Gebruik het volgende voorbeeldscript om een Database Mail-account en -profiel te maken en deze vervolgens aan elkaar te koppelen:
-- Create a Database Mail account
EXECUTE msdb.dbo.sysmail_add_account_sp
@account_name = 'SQL Agent Account',
@description = 'Mail account for Azure SQL Managed Instance SQL Agent system.',
@email_address = '$(loginEmail)',
@display_name = 'SQL Agent Account',
@mailserver_name = '$(mailserver)' ,
@username = '$(loginEmail)' ,
@password = '$(password)';
-- Create a Database Mail profile
EXECUTE msdb.dbo.sysmail_add_profile_sp
@profile_name = 'AzureManagedInstance_dbmail_profile',
@description = 'E-mail profile used for messages sent by Managed Instance SQL Agent.';
-- Add the account to the profile
EXECUTE msdb.dbo.sysmail_add_profileaccount_sp
@profile_name = 'AzureManagedInstance_dbmail_profile',
@account_name = 'SQL Agent Account',
@sequence_number = 1;
Test de Database Mail-configuratie via T-SQL met behulp van de sp_send_db_mail systeem opgeslagen procedure:
DECLARE @body VARCHAR(4000) = 'The email is sent from ' + @@SERVERNAME;
EXEC msdb.dbo.sp_send_dbmail
@profile_name = 'AzureManagedInstance_dbmail_profile',
@recipients = 'ADD YOUR EMAIL HERE',
@body = 'Add some text',
@subject = 'Azure SQL Instance - test email';
U kunt de operator waarschuwen dat er iets is gebeurd met uw SQL Agent-taken. Een operator definieert contactgegevens voor een persoon die verantwoordelijk is voor het onderhoud van een of meer exemplaren in SQL Managed Instance. Soms worden operatorverantwoordelijkheden toegewezen aan één persoon.
In systemen met meerdere exemplaren in SQL Managed Instance of SQL Server kunnen veel personen operatorverantwoordelijkheden delen. Een operator bevat geen beveiligingsgegevens en definieert geen beveiligingsprincipaal.

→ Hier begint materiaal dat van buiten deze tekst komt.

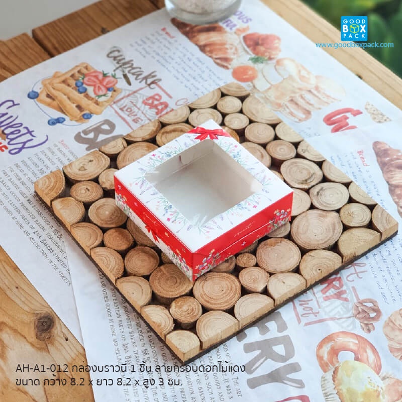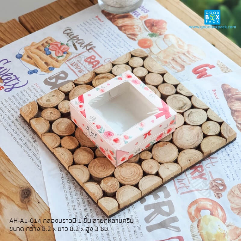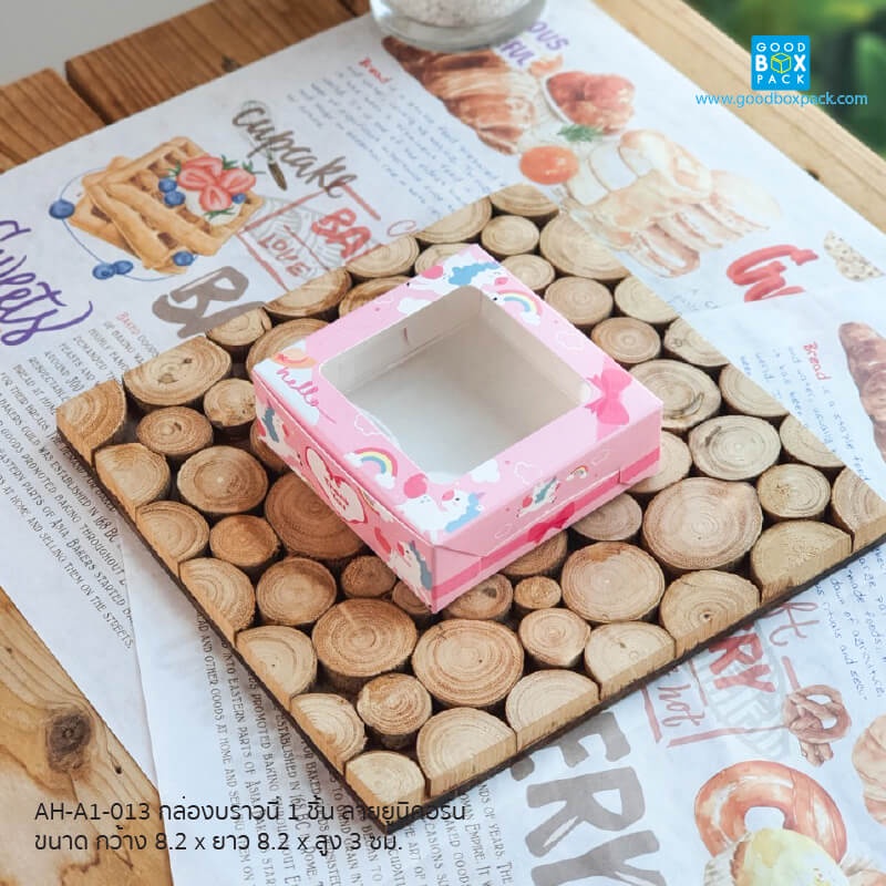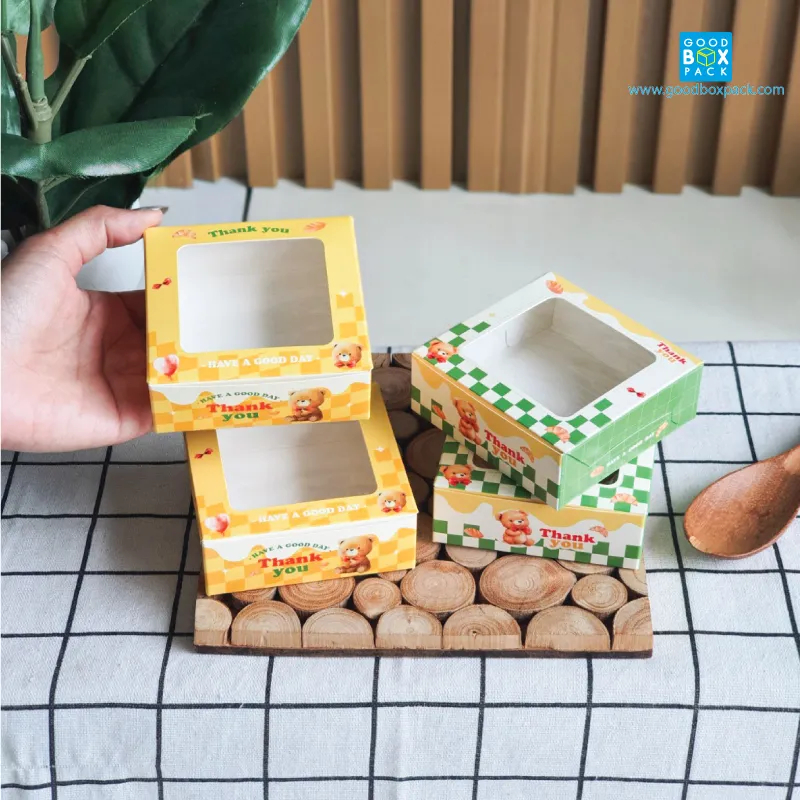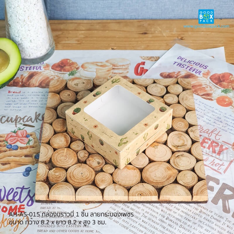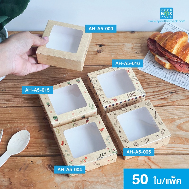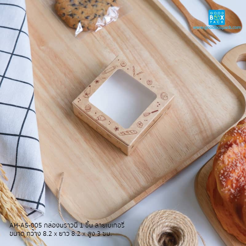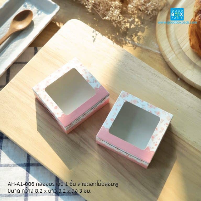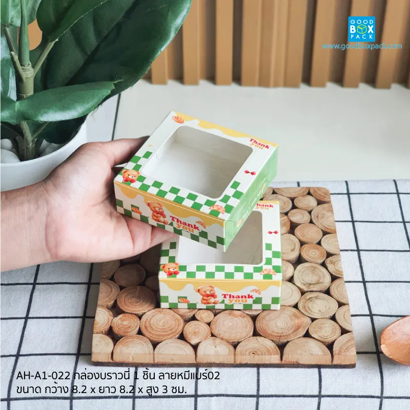 Goodboxpack (แพ็คละ50ใบ) กล่องบราวนี่ 1 ชิ้น มีแบบเคลือบเเละไม่เคลือบ เป็นก ระดาษฟู้ดเกรด ขนาด8.2x8.2x3ซม

Idealiter is een operator geen persoon waarvan de verantwoordelijkheden kunnen veranderen, maar een e-maildistributiegroep.
U kunt operators maken met behulp van SQL Server Management Studio (SSMS) of het Transact-SQL script dat wordt weergegeven in het volgende voorbeeld:
EXEC msdb.dbo.sp_add_operator
@name=N'AzureSQLTeam',
@enabled=1,
@email_address=N'AzureSQLTeamn@contoso.com';
Controleer of het e-mailbericht is geslaagd of mislukt via het Database Mail-logboek in SSMS.
Vervolgens kunt u een SQL Agent-taak wijzigen en operators toewijzen die via e-mail worden gewaarschuwd als de taak is voltooid, mislukt of slaagt met behulp van SSMS of het volgende T-SQL-script:
EXEC msdb.dbo.sp_update_job @job_name=N'Load data using SSIS',
@notify_level_email=3, -- Options are: 1 on succeed, 2 on failure, 3 on complete
@notify_email_operator_name=N'AzureSQLTeam';
Taakgeschiedenis
Met SQL Managed Instance kunt u momenteel geen SQL Agent-eigenschappen wijzigen omdat deze zijn opgeslagen in de onderliggende registerwaarden. Dit betekent dat de opties voor het aanpassen van het Agent-bewaarbeleid voor records van de taakgeschiedenis zijn ingesteld op de standaardwaarde van 1000 records in totaal en maximaal 100 geschiedenisrecords per taak.
Zie SQL Agent-taakgeschiedenis weergevenvoor meer informatie.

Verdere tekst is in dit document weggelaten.